それで十分なら律儀に会いになんて来ない。

ケンジは写真立てを奪い
机に置いて、
正面からエリックの前に立った。





「こっちを見てくれ。エリック」


「………駄目だ」


「エリック」





手紙を書いたのも
小さな嘘をついたのも
すべては自分を守るためだった。
利用されたと被害妄想はここまでにしよう。

エリックは不器用な男なのだ。

失う悲しみを知っているから
愛することを誰よりも恐れている。





「やっとこっち見た」


「……ケンジ。俺を困らすな」


「お前がここに呼んだんだろ?
俺にして欲しいことがあるから手紙を書いた。
そうだろう?」





エリックの分厚い胸から
鎖骨のあたりをそっと撫で上げる。

怯んだように一歩ずつ後ろに下がる。

触れた体温は熱い。
最後まではしていないが
ベッドの上で抱き締め合ったことを思い出す。





「言えよ。

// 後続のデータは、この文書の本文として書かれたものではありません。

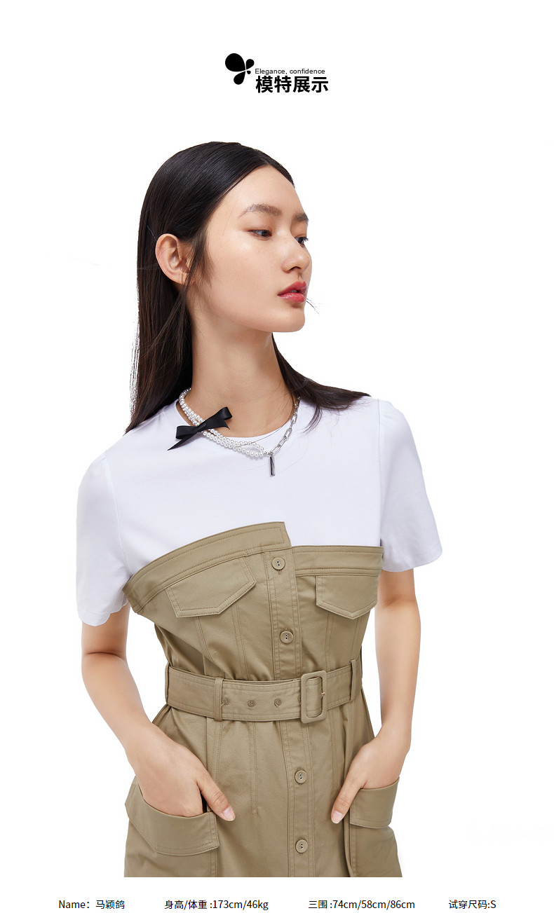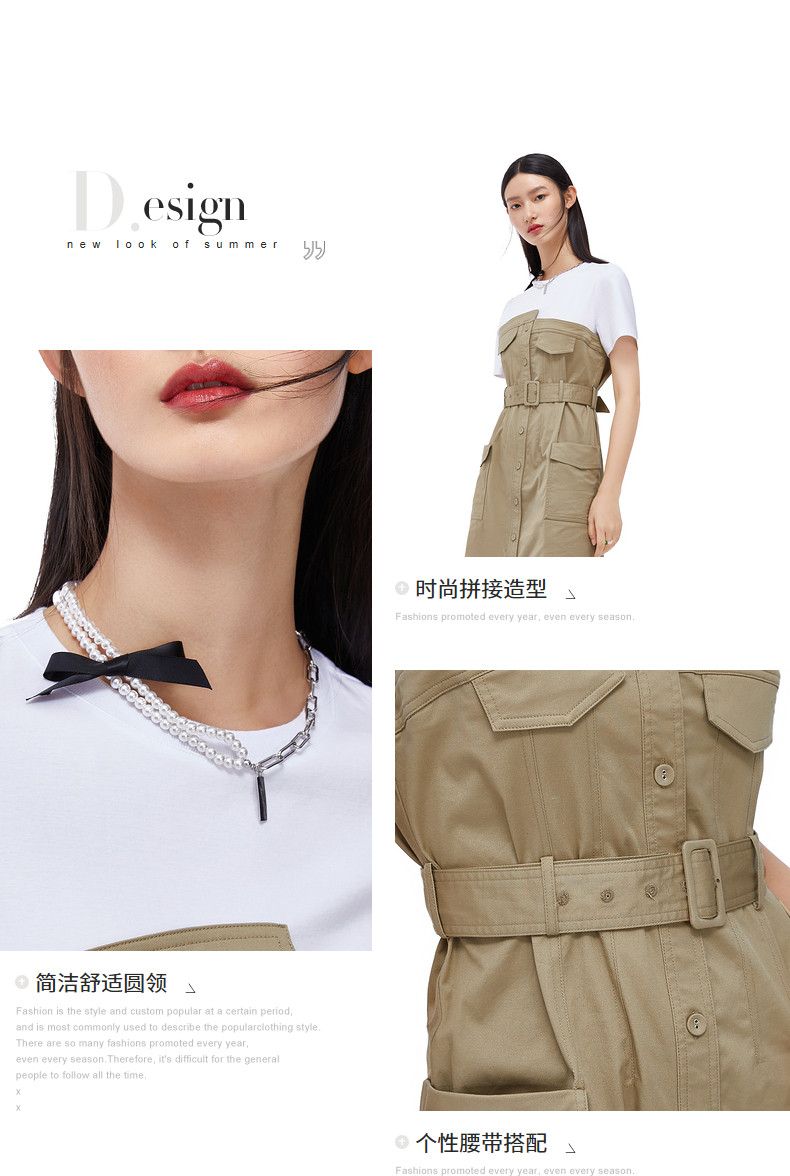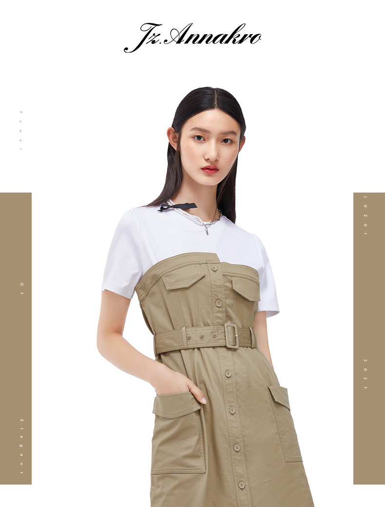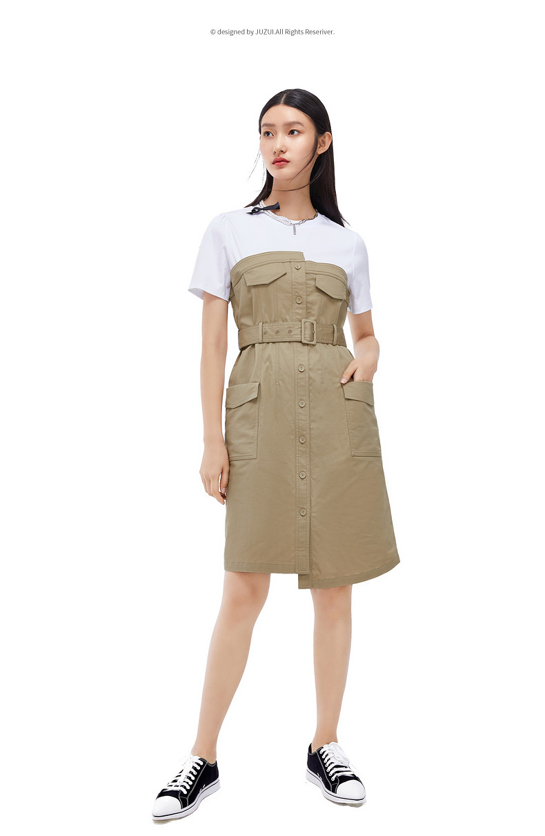 首页 > 玖姿专区 > 玖姿服饰 > 玖姿2021夏季新款安娜蔻系列卡其色工装风时尚拼接收腰女连衣裙

何でもしてやる」


「義務ならいらない」


「義務じゃなけりゃ貰ってくれるんだな」


「そうは言ってない」


「そう言ってる。
この俺がここまでしてるんだ。
自分からするのは…初めてなんだぞ」


「お前は違う。
お前は…、ゲイじゃない」





ケンジは誘惑するように
エリックの上に馬乗りになっていた。

どうしても性癖という壁があるようだ。





「確かに俺はゲイじゃない。
自分の身を守るため
間違った気を起こしてなければな」


「だったら尚更だ。
お前は女と結婚した方が幸せになれる」


「そうかも知れない。
自分の子供をみるのも一種の幸せかもしれない。

けど俺をこんな風にさせたのは誰だ…?
俺の気持ちを受け取ってもいないのに
蔑ろにするなよ」





更なる追い打ちをかけるように
エリックの繊細な髪を撫で、
唇を寄せた。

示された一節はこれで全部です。